-- Recorded data follows --

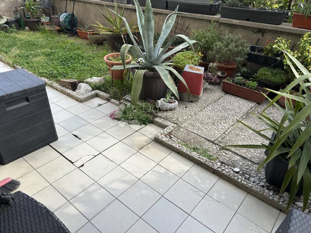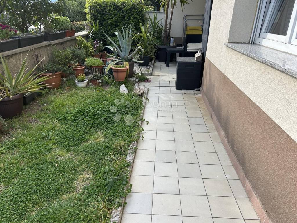 Stan sastoji se tri spavaće sobe , kupaonice, ostave i kuhinje sa blagavaonice iz koje se izlazi na terasu i vrt s kojeg se pruža pogled na more, ukupne površine 89.46m2
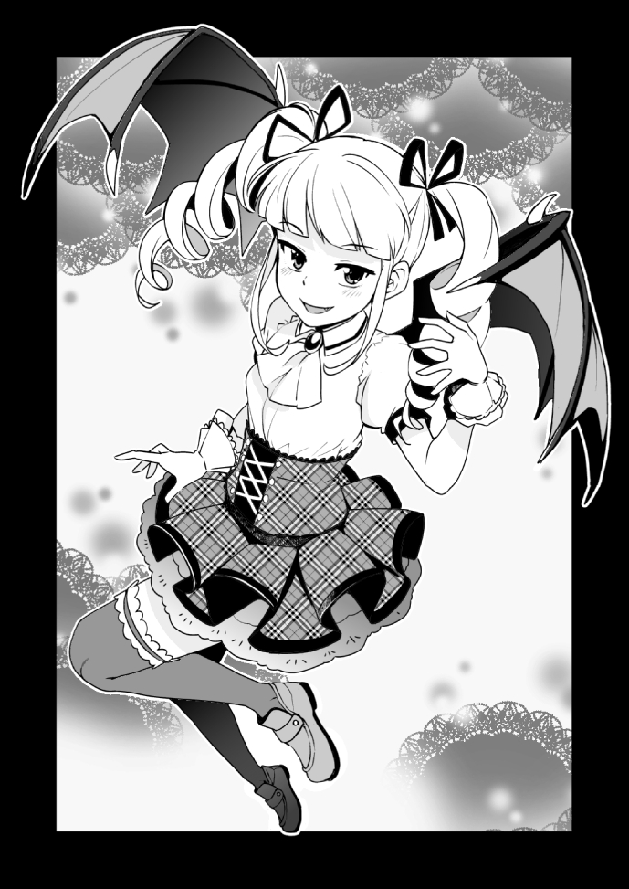 1girl :d aikatsu! aikatsu!_(series) ascot bat_wings black_border blunt_bangs blush border corset dress drill_hair fang fangs frills full_body greyscale grin hair_ribbon hand_up high-waist_skirt jumping long_hair looking_at_viewer mary_janes monochrome open_mouth parted_lips plaid_clothes plaid_skirt puffy_short_sleeves puffy_sleeves ribbon shirt shoes short_sleeves sidelocks skirt sleeveless smile solo tamagoroo thighhighs todo_yurika twin_drills twintails v-shaped_eyebrows wings wrist_cuffs wristband zettai_ryouiki
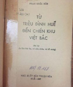 Từ triều đình Huế đến chiến khu Việt Bắc - Hồi ký cụ Phạm Khắc Hoè. Đây là cuốn sách đặc biệt về cách mạng của 1 vị quan triều phong kiến tới khi giác ngộ theo Đảng và trở thành người có đóng góp lớn cho Đảng và cách mạng. Một cuốn sách quý, in lần đầu từ năm 1983.
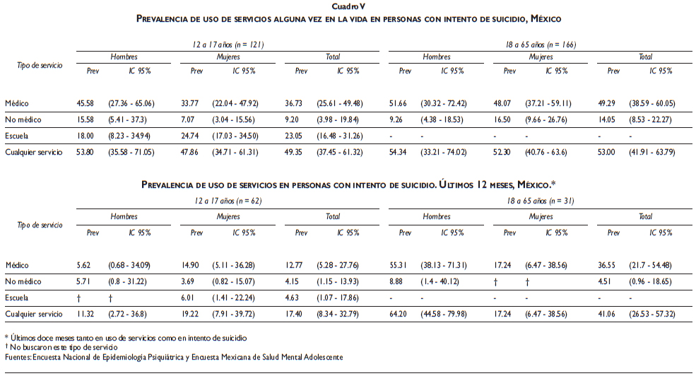 Los intentos de suicidio tienen consecuencias sobre el uso de los servicios de salud mental y los servicios médicos en general. En las dos encuestas psiquiátricas vemos que alrededor de la mitad de las personas con un intento de suicidio consultaron con los servicios para el tratamiento de problemas emocionales y de uso de alcohol y drogas (cuadro V). Los varones reportaron porcentajes un poco mayores de uso, especialmente en la población adolescente. Los servicios médicos son los más reportados, pero los adolescentes hacen también un uso importante de los servicios de atención especializada en las escuelas. Esta prevalencia de uso de servicios disminuye en forma notable para la prevalencia reciente de intentos de suicidio y el uso reciente de servicios (últimos 12 meses). Aquí, sólo 17% de la población adolescente y 41% de la población adulta (especialmente varones adultos) buscaron tratamiento. Dado el número tan pequeño de personas en estas circunstancias, estas estimaciones se deben de tomar con cautela.
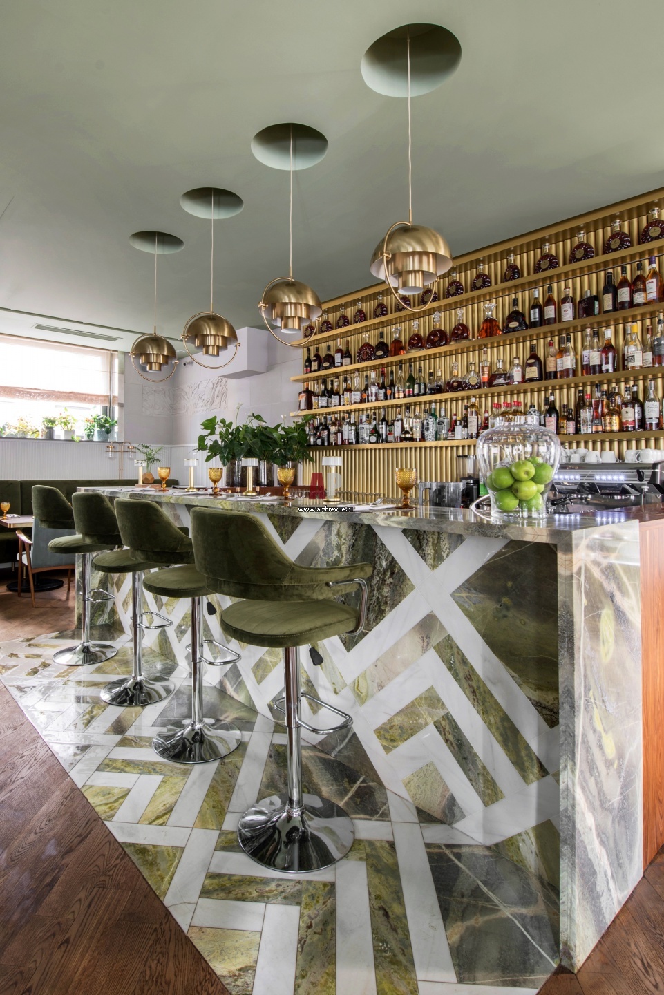 Барная стойка зашита камнем двух цветов с активным геометрическим орнаментом. Бар выполнен из дерева: вертикальные рейки выкрашены в бронзово-горчичный цвет.
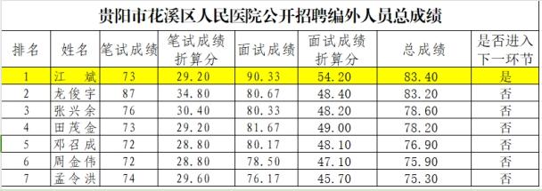 附件1:贵阳市花溪区人民医院公开招聘编外人员总成绩
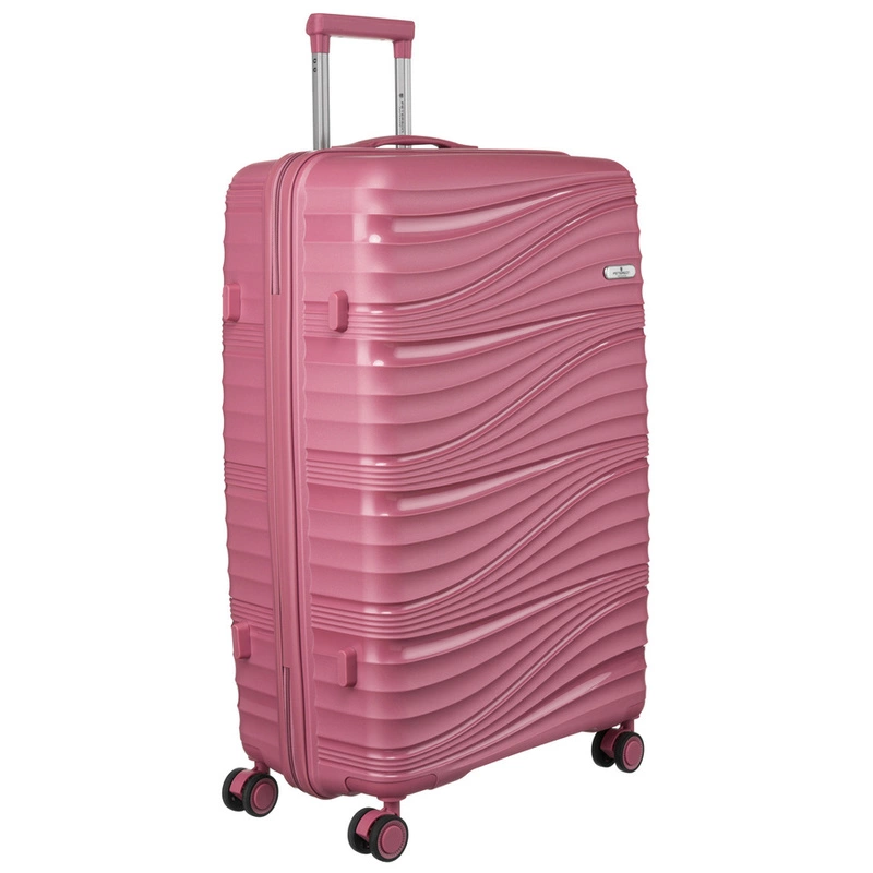 - Walizka w kolorze różowym, o średnim rozmiarze, idealna na krótkie i dłuższe podróże. Wyposażona w zamek TSA, lekką konstrukcję i cztery obrotowe kółka zapewniające komfortowy transport.
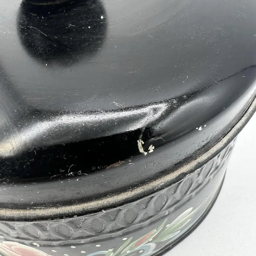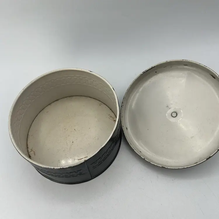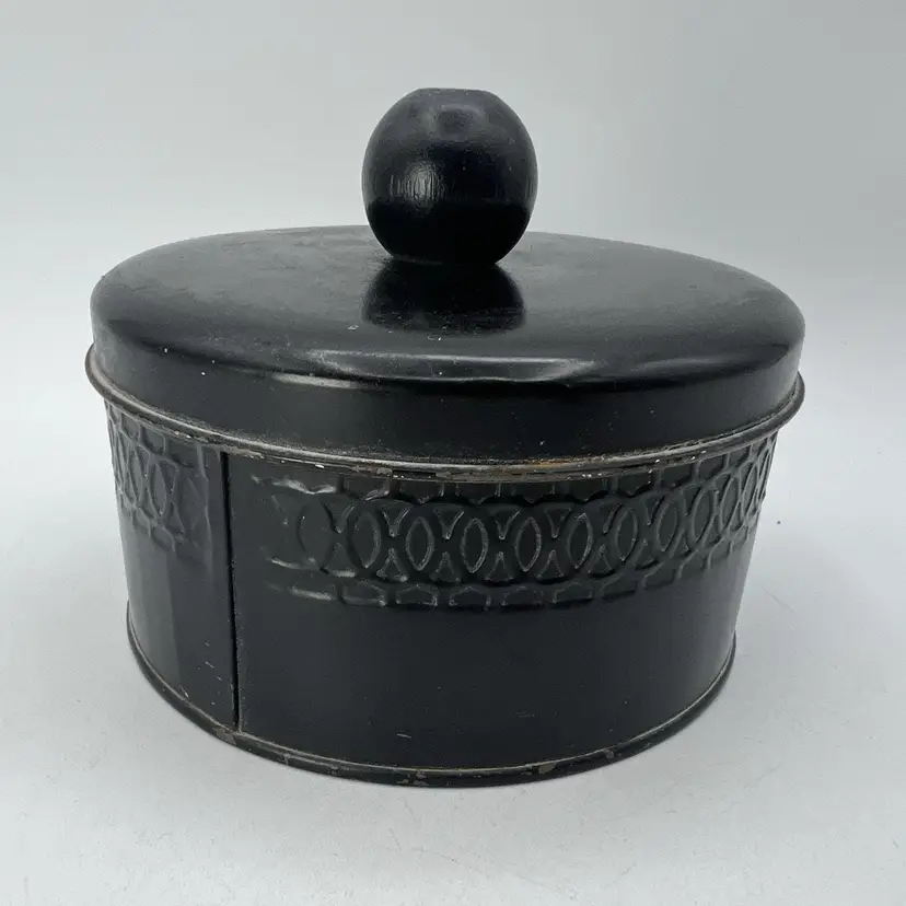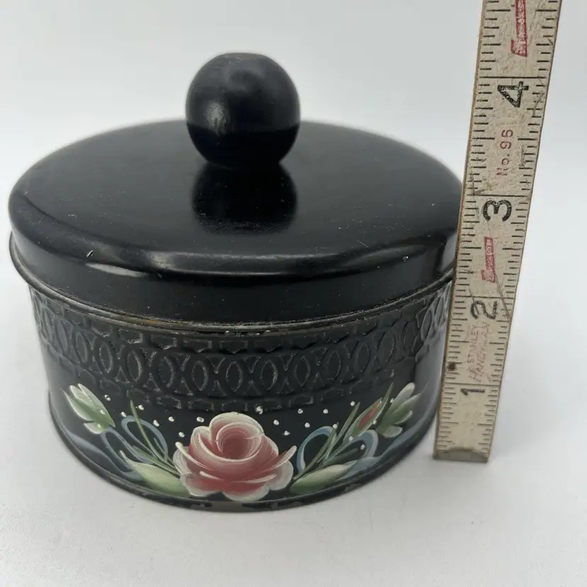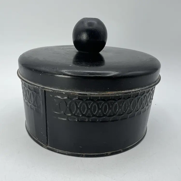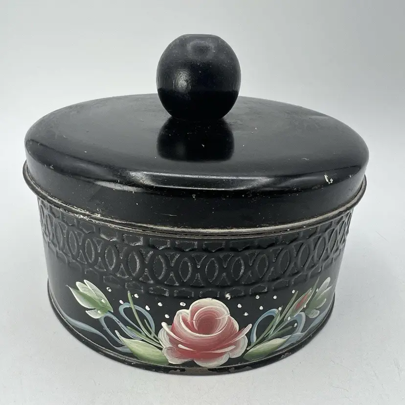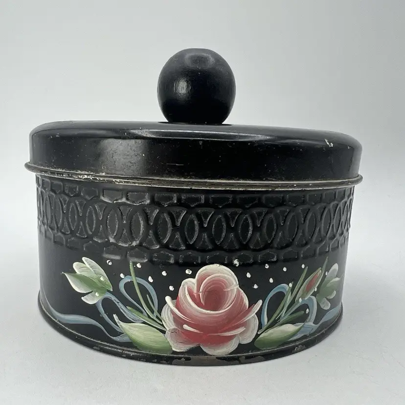 Vintage Black Pink Hand Tole Painted 5" Vanity Powder Tin 1940s Candy Tin

-- Recorded data concluded --

### Required work
Print each line of the listing, starting at its first and ending with the line that holds "附件1:贵阳市花溪区人民医院公开招聘编外人员总成绩", but skip any pictures.

### Solved problem
 Stan sastoji se tri spavaće sobe , kupaonice, ostave i kuhinje sa blagavaonice iz koje se izlazi na terasu i vrt s kojeg se pruža pogled na more, ukupne površine 89.46m2
 1girl :d aikatsu! aikatsu!_(series) ascot bat_wings black_border blunt_bangs blush border corset dress drill_hair fang fangs frills full_body greyscale grin hair_ribbon hand_up high-waist_skirt jumping long_hair looking_at_viewer mary_janes monochrome open_mouth parted_lips plaid_clothes plaid_skirt puffy_short_sleeves puffy_sleeves ribbon shirt shoes short_sleeves sidelocks skirt sleeveless smile solo tamagoroo thighhighs todo_yurika twin_drills twintails v-shaped_eyebrows wings wrist_cuffs wristband zettai_ryouiki
 Từ triều đình Huế đến chiến khu Việt Bắc - Hồi ký cụ Phạm Khắc Hoè. Đây là cuốn sách đặc biệt về cách mạng của 1 vị quan triều phong kiến tới khi giác ngộ theo Đảng và trở thành người có đóng góp lớn cho Đảng và cách mạng. Một cuốn sách quý, in lần đầu từ năm 1983.
 Los intentos de suicidio tienen consecuencias sobre el uso de los servicios de salud mental y los servicios médicos en general. En las dos encuestas psiquiátricas vemos que alrededor de la mitad de las personas con un intento de suicidio consultaron con los servicios para el tratamiento de problemas emocionales y de uso de alcohol y drogas (cuadro V). Los varones reportaron porcentajes un poco mayores de uso, especialmente en la población adolescente. Los servicios médicos son los más reportados, pero los adolescentes hacen también un uso importante de los servicios de atención especializada en las escuelas. Esta prevalencia de uso de servicios disminuye en forma notable para la prevalencia reciente de intentos de suicidio y el uso reciente de servicios (últimos 12 meses). Aquí, sólo 17% de la población adolescente y 41% de la población adulta (especialmente varones adultos) buscaron tratamiento. Dado el número tan pequeño de personas en estas circunstancias, estas estimaciones se deben de tomar con cautela.
 Барная стойка зашита камнем двух цветов с активным геометрическим орнаментом. Бар выполнен из дерева: вертикальные рейки выкрашены в бронзово-горчичный цвет.
 附件1:贵阳市花溪区人民医院公开招聘编外人员总成绩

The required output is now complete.